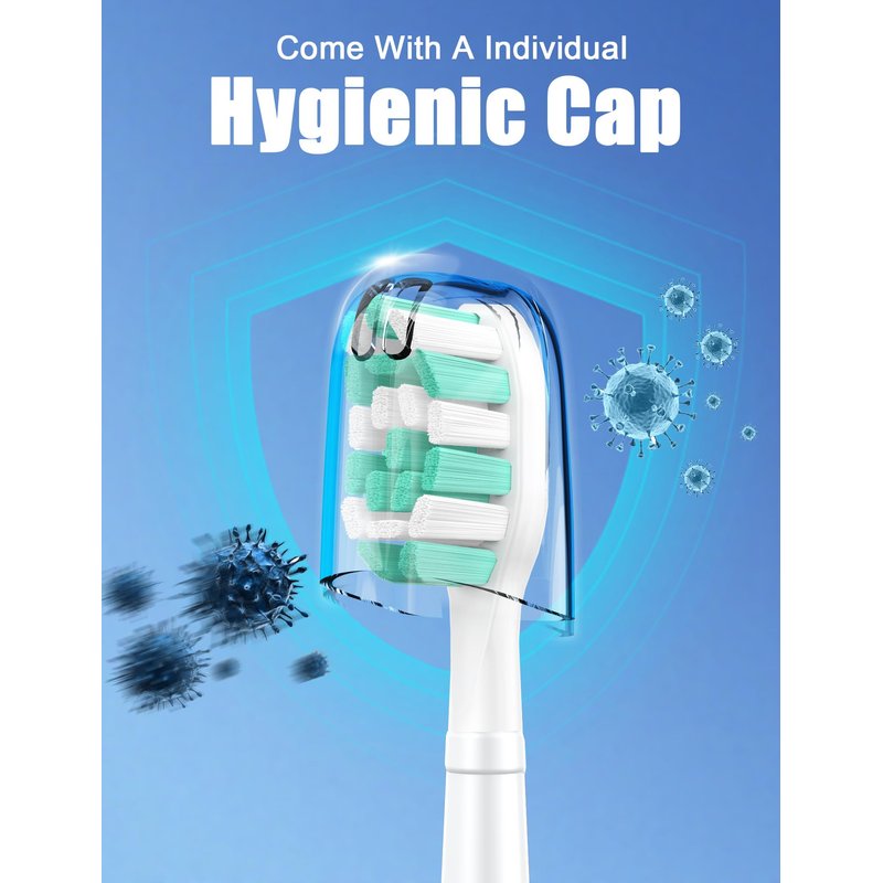 - 8X EFFECTIVE CLEAN & IMPROVE ORAL GUM HEALTH: The contoured sonic toothbrush bristles for replacement brush heads fit your tooth shape, can reach difficult-to-clean areas, and work better in the oral cavity. The densely-packed bristles for toothbrush heads with powerful vibration can remove up to 8X more plaques than a manual toothbrush.
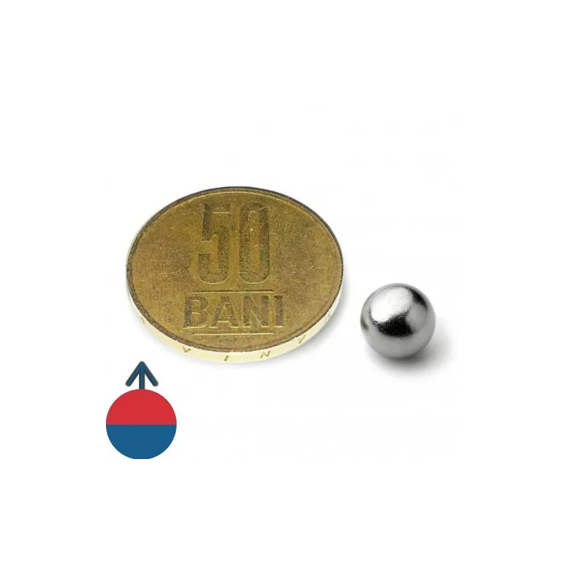 Силен неодимов магнит, сферична форма, никелирано покритие, N38, приблизителна сила 900 г
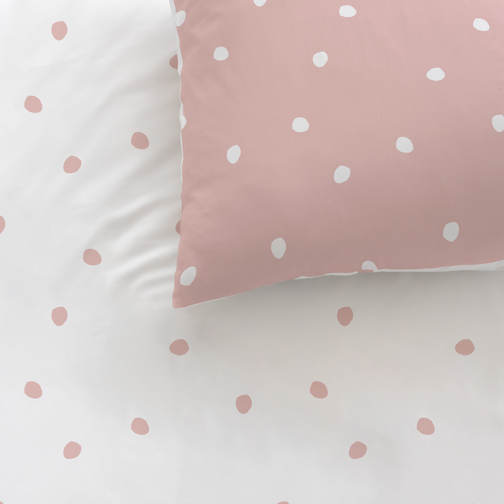 Matt & Rose Duvet Cover, Pink Spots. Luxury single cotton duvet cover from Matt & Rose. This item features a beautiful polka dot design on a calm pink background. The duvet cover and pillowcase are printed inversely on both sides, so you can choose from different designs when making the bed.
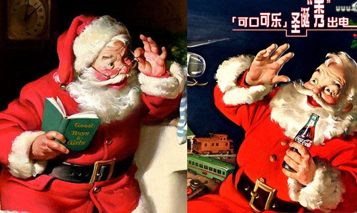 說(shuō)到可口可樂(lè),人們不得不感嘆這個(gè)品牌的紅白神話,也許很多人不知道,大家熟知的穿紅白衣服的圣誕老人是可口可樂(lè)為了宣傳而創(chuàng)作出來(lái)的,在20世紀(jì)30年代和40年代,這一形象一直被用作該公司的廣告活動(dòng)中。久而久之,人們就以為圣誕老人是穿一生紅白裝的老人。而此之前圣誕老人的打扮是五顏六色的。視覺(jué)識(shí)別的影響可見(jiàn)一般。
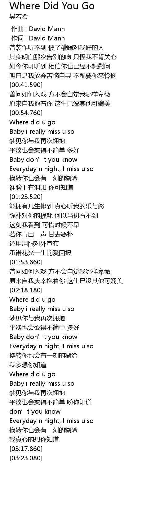 | [02:19.950] | Where did u go |
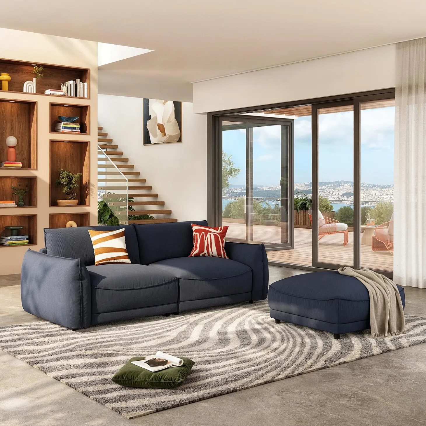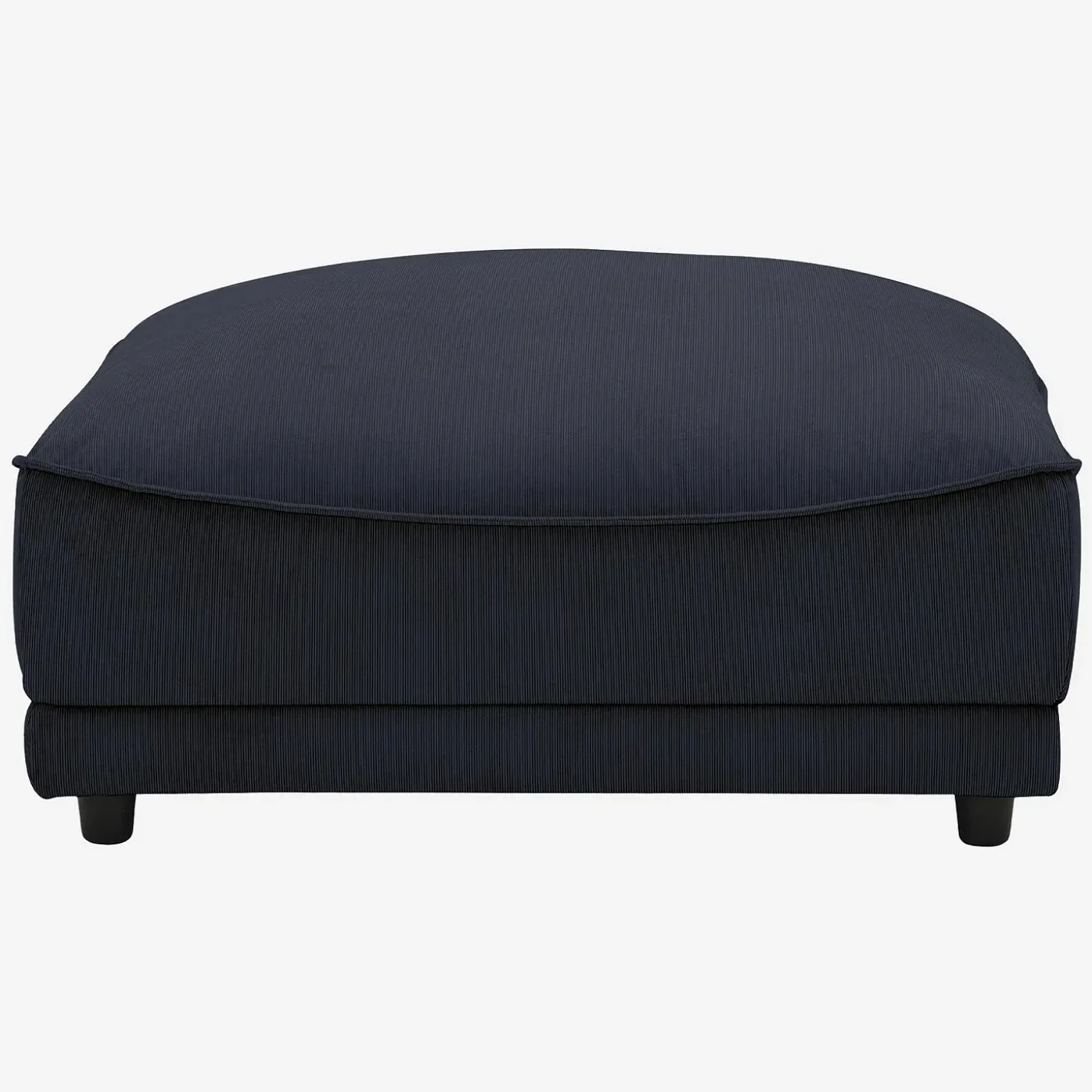 Le repose-pieds Vesta en tissu bleu marine, à la finition côtelée, est doté d’un rembourrage de mousse pour une approche pleine de douceur. Il est donc parfait pour s’étendre et se détendre en toute circonstance.
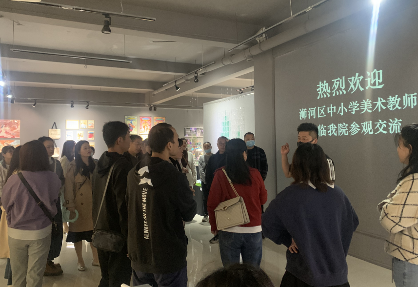 4月27日上午,在浉河区教育局教研室美术教研员朱跃华组织带领下,浉河区直属中小学共35位美术老师一行,到我校tyc7111cc太阳成集团开展美术教学交流共建活动。

○ ○ ○

**Goal of the exercise**
Please output every record above exactly as written, leaving out the pictures.

**Solution for this task**
 - 8X EFFECTIVE CLEAN & IMPROVE ORAL GUM HEALTH: The contoured sonic toothbrush bristles for replacement brush heads fit your tooth shape, can reach difficult-to-clean areas, and work better in the oral cavity. The densely-packed bristles for toothbrush heads with powerful vibration can remove up to 8X more plaques than a manual toothbrush.
 Силен неодимов магнит, сферична форма, никелирано покритие, N38, приблизителна сила 900 г
 Matt & Rose Duvet Cover, Pink Spots. Luxury single cotton duvet cover from Matt & Rose. This item features a beautiful polka dot design on a calm pink background. The duvet cover and pillowcase are printed inversely on both sides, so you can choose from different designs when making the bed.
 說(shuō)到可口可樂(lè),人們不得不感嘆這個(gè)品牌的紅白神話,也許很多人不知道,大家熟知的穿紅白衣服的圣誕老人是可口可樂(lè)為了宣傳而創(chuàng)作出來(lái)的,在20世紀(jì)30年代和40年代,這一形象一直被用作該公司的廣告活動(dòng)中。久而久之,人們就以為圣誕老人是穿一生紅白裝的老人。而此之前圣誕老人的打扮是五顏六色的。視覺(jué)識(shí)別的影響可見(jiàn)一般。
 | [02:19.950] | Where did u go |
 Le repose-pieds Vesta en tissu bleu marine, à la finition côtelée, est doté d’un rembourrage de mousse pour une approche pleine de douceur. Il est donc parfait pour s’étendre et se détendre en toute circonstance.
 4月27日上午,在浉河区教育局教研室美术教研员朱跃华组织带领下,浉河区直属中小学共35位美术老师一行,到我校tyc7111cc太阳成集团开展美术教学交流共建活动。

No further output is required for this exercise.